Danielle McGahey

Personal information
- Born: 14 April 1994 (age 31) Brisbane, Australia
- Batting: Right-handed
- Bowling: Right-arm off spin
- Role: Wicket-keeper

International information
- National side: Canada (2023);
- T20I debut (cap 21): 4 September 2023 v Brazil
- Last T20I: 11 September 2023 v United States

Career statistics
| Competition | WT20I |
| Matches | 6 |
| Runs scored | 118 |
| Batting average | 19.66 |
| 100s/50s | 0/0 |
| Top score | 48 |
| Catches/stumpings | 4/– |
- Source: ESPNcricinfo, 7 October 2024

= Danielle McGahey =

Australian cricketer

Danielle McGahey (born 14 April 1994) is an Australian-born cricketer who played for the Canada women's national cricket team. She was the first transgender person named in an international squad, going on to play six matches before retiring following changes made to gender eligibility rules by the International Cricket Council.

==Domestic career==
McGahey started playing club cricket in Melbourne before moving to Canada, where she joined the Cavaliers Cricket Club in Regina, Saskatchewan. She played a single season for the men's team before switching to the women's team the following year. McGahey has also played in the Alberta Women's Cricket League and represented Alberta in inter-provincial cricket as Saskatchewan does not have its own women's team.

McGahey was the leading run-scorer at the 2023 Women T20 National Championship, recording 237 runs from three innings and the only century of the tournament.

==International career==
In October 2022, McGahey was named in the Canadian squad for the 2022 Women's South American Cricket Championship in Brazil. Canada's matches at the tournament did not have official Twenty20 International status.
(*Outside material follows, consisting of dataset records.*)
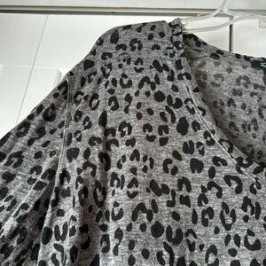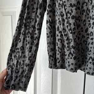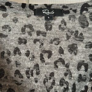 Rails Sami 100% linen charcoal leopard print long-sleeve v-neck top sz large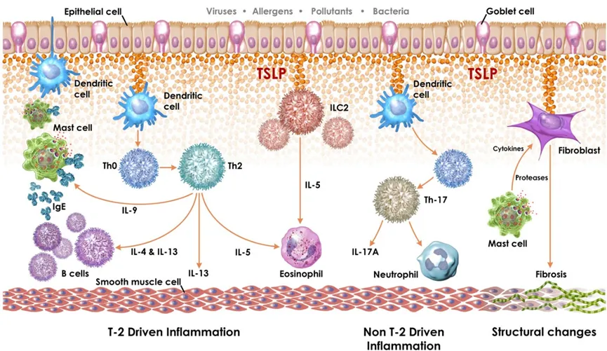 从生物学机制角度来看,TSLP在炎症信号通路中扮演着“枢纽开关”的关键角色,能够调控下游多种细胞因子的分泌,包括IL-4、IL-5、IL-13等关键炎症介质,形成一个复杂而精密的调控网络。这种“上游调控,一石多鸟”的机制特性,使得TSLP靶向治疗能够更全面地阻断炎症反应,并且具备在多种炎症性疾病中应用的广谱治疗潜力。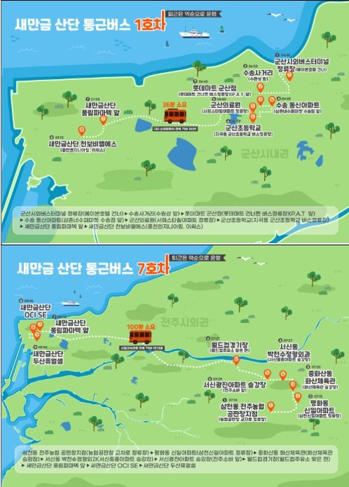 이 밖에 전주와 익산 노선은 출·퇴근 시간이 많이 소요되는 노선으로, 전주 노선은 1시간 40분 65km, 익산노선은 1시간 10분 52km의 운행거리로 새만금 산단의 에스씨, 천보비엘에스, OCI SE, 두산퓨얼셀 등의 근로자들이 이용하고 있다.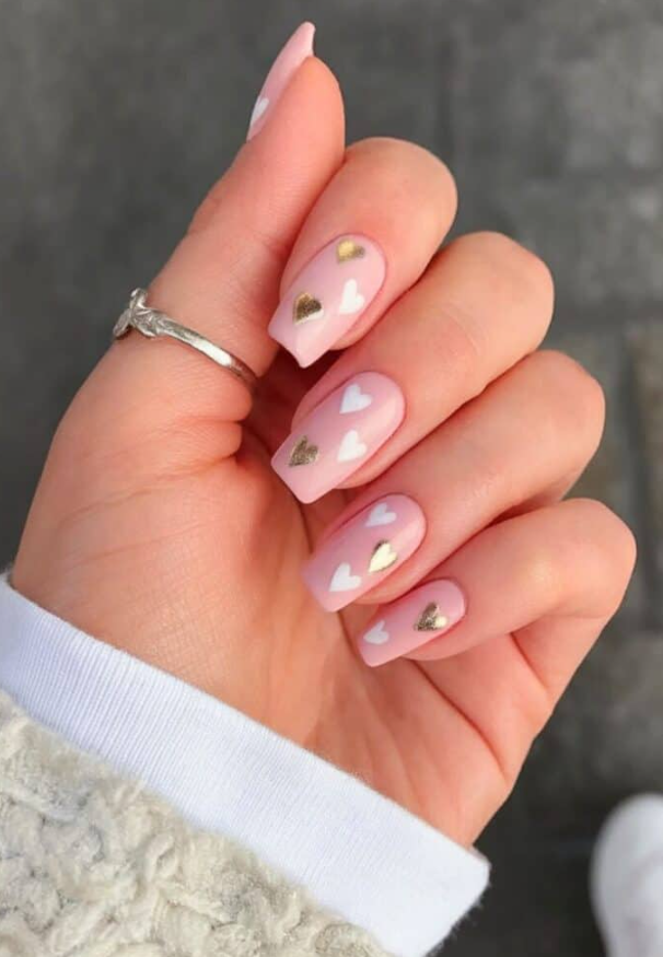 Subtle yet so adorable, these nails are perfect for a soft and romantic vibe! The pale pink base creates a sweet and feminine look, while the mix of white and gold hearts adds a delicate touch of charm. This design is effortlessly chic and ideal for Valentine’s Day or any occasion when you want your nails to feel a little extra special.
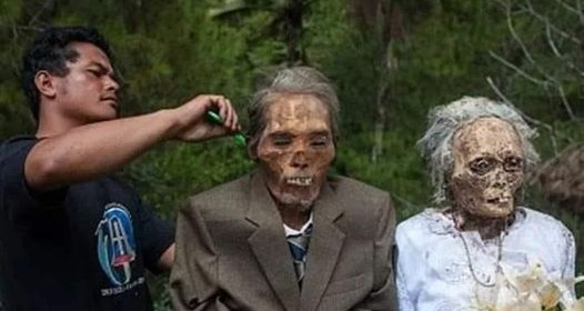 Pelo mundo – Algumas aldeias da Indonésia mantêm a tradição de desenterrar os mortos todos os anos, em agosto. Nesse período, os corpos são limpos, vestidos com roupas modernas e levados para passeios. A celebração envolve alegria e reencontros entre as famílias.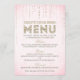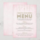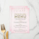 Cette charmante carte de menu conçue par The Spotted Olive™ présente un joli fond rose pâle avec une image de gemmes scintillantes descendant du haut et le mot "Menu" typographié de manière élégante avec une image de paillettes dorées à l'intérieur. NOTE IMPORTANTE : CE DESIGN NE COMPREND QU'UNE IMAGE IMPRIMÉE DE PAILLETTES ; IL N'Y A AUCUNE PAILLETTE PHYSIQUE UTILISÉE OU INCLUSE ; IL N'Y A AUCUN EMBELLISSEMENT.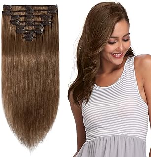 Clip in Extensions Echthaar günstig Haarverlängerung Standard Weft 7A Remy Echthaar 8 Teile 18 Clips Glatt Haarverdichtung 50 cm (105 g) #6 Mittelbraun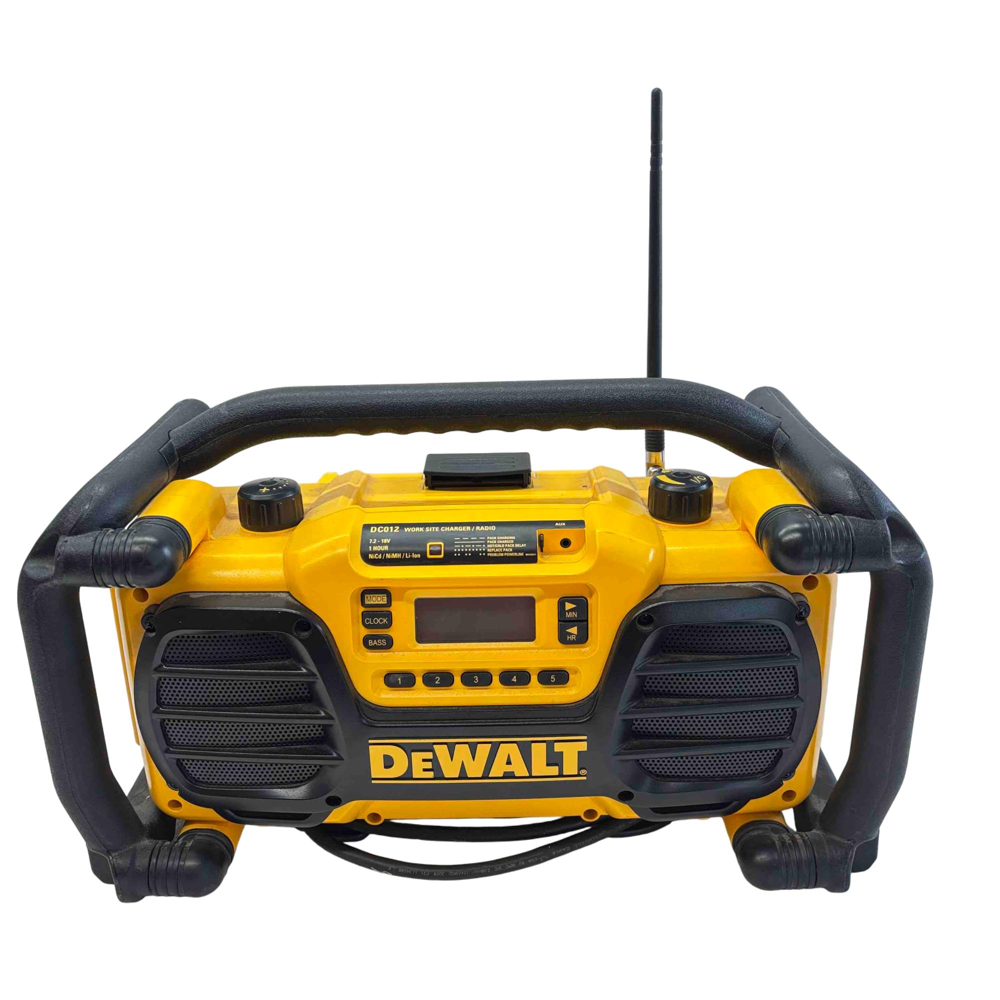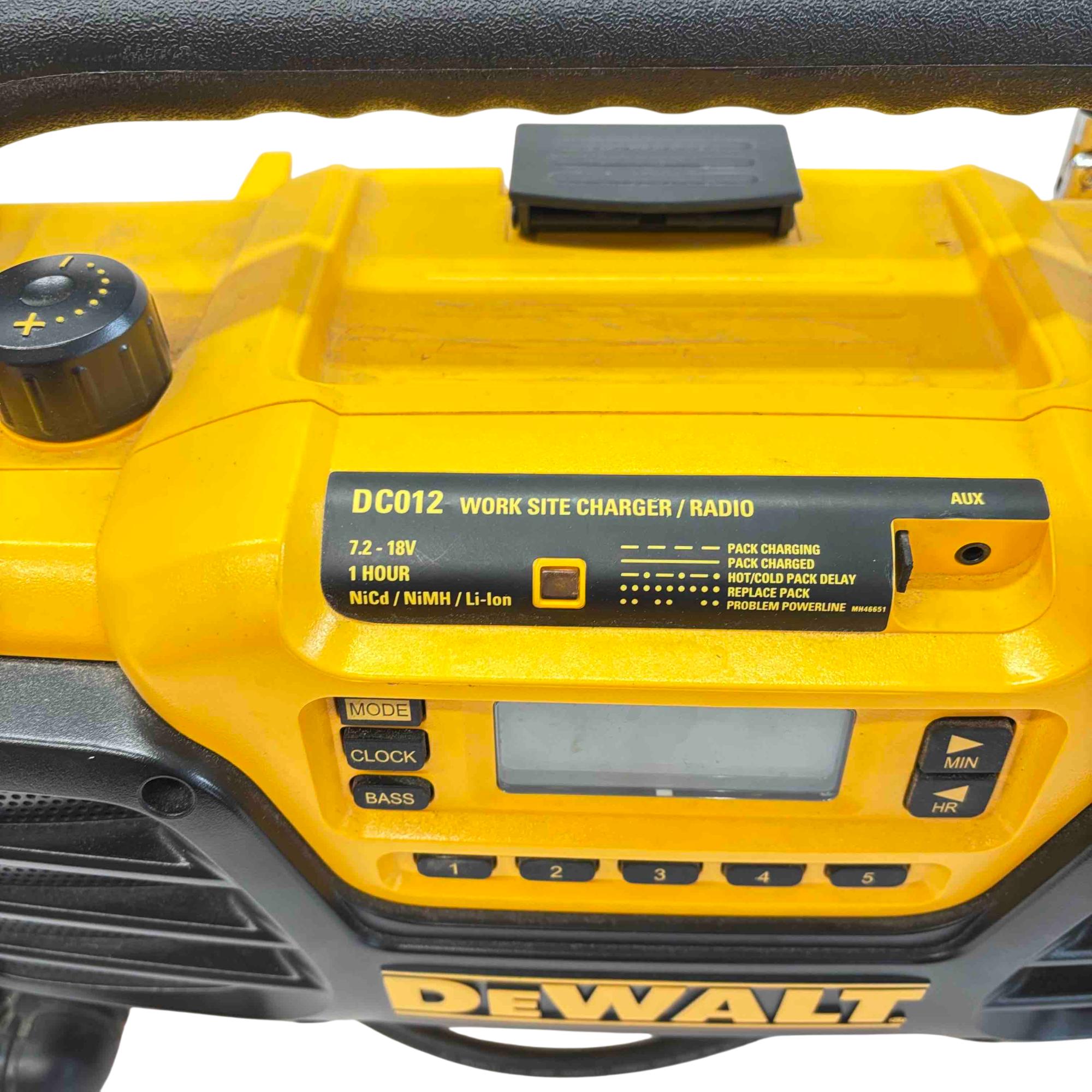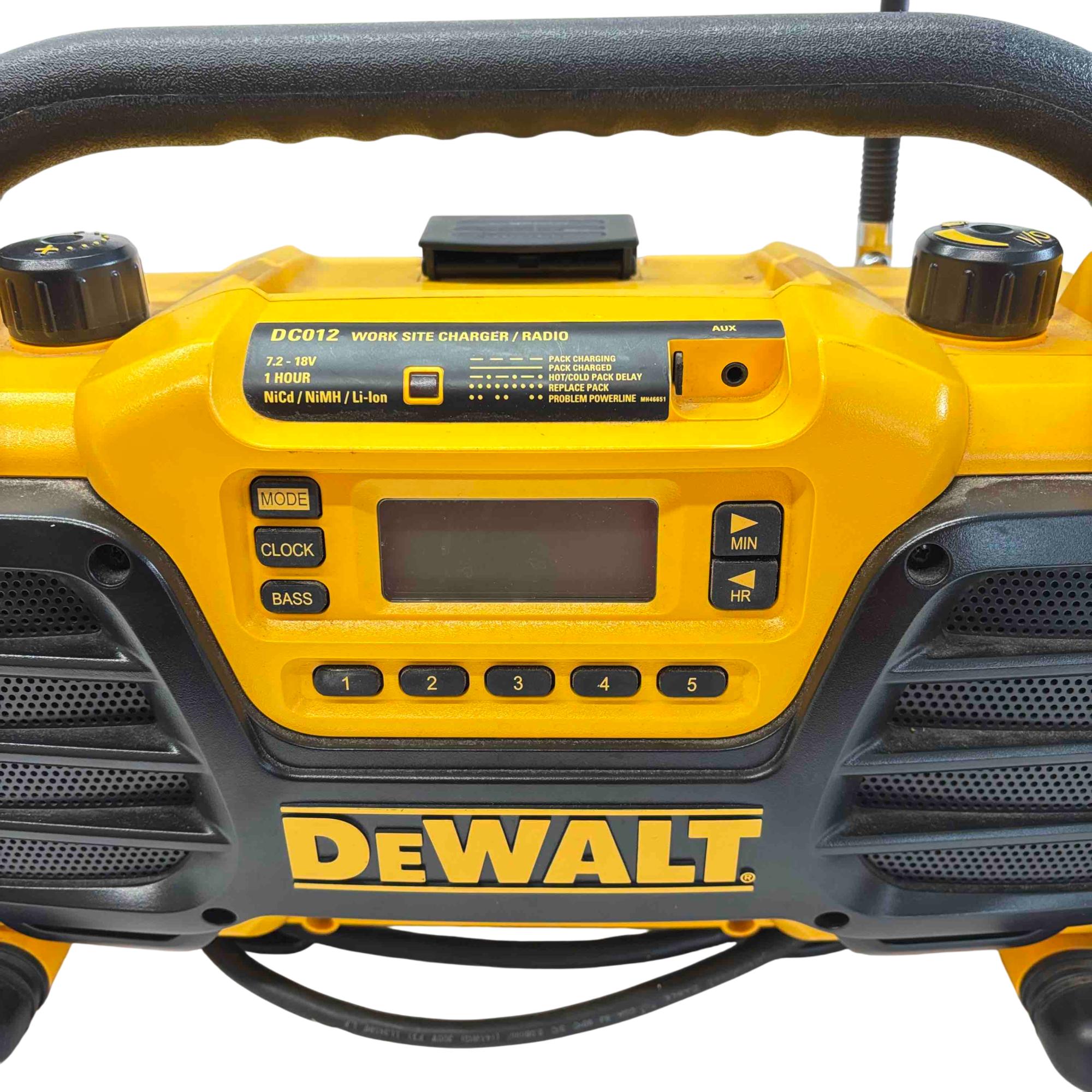 Introducing the DeWalt DC012 Work Site Charger/Radio, the perfect companion for any job site. This rugged and versatile device combines a robust radio with an integrated battery charger, compatible with DeWalt battery packs ranging from 7.2V to 18V. With its durable yellow and black design, AUX input, and quick charging capability, stay entertained and powered up all day long.

McGahey opened the batting for the Canadian XI and was named player of the match against Brazil after scoring 73 runs from 46 balls.

In August 2023, McGahey was named in Canada's squad for the 2023 ICC Women's T20 World Cup Americas Qualifier in Los Angeles, part of the qualification process for the 2024 ICC Women's T20 World Cup. Her inclusion in the squad attracted international attention, as she would become the first transgender person to play official international cricket, a previously novel circumstance becoming frequently common to other leagues across the world.

On 4 September 2023 McGahey made her Twenty20 International debut for Canada against Brazil.

A spokesperson from the International Cricket Council (ICC) had confirmed that McGahey had been "deemed eligible to participate in international women's cricket on the basis that she satisfies the MTF transgender eligibility criteria". However on 21 November 2023, the ICC banned transgender players from being able to play women's cricket and McGahey announced her international retirement.

==Personal life==
McGahey moved to Canada in February 2020. She socially transitioned to living as a woman in November 2020 and commenced medically transitioning in May 2021. McGahey lost contact with her family in Australia after transitioning.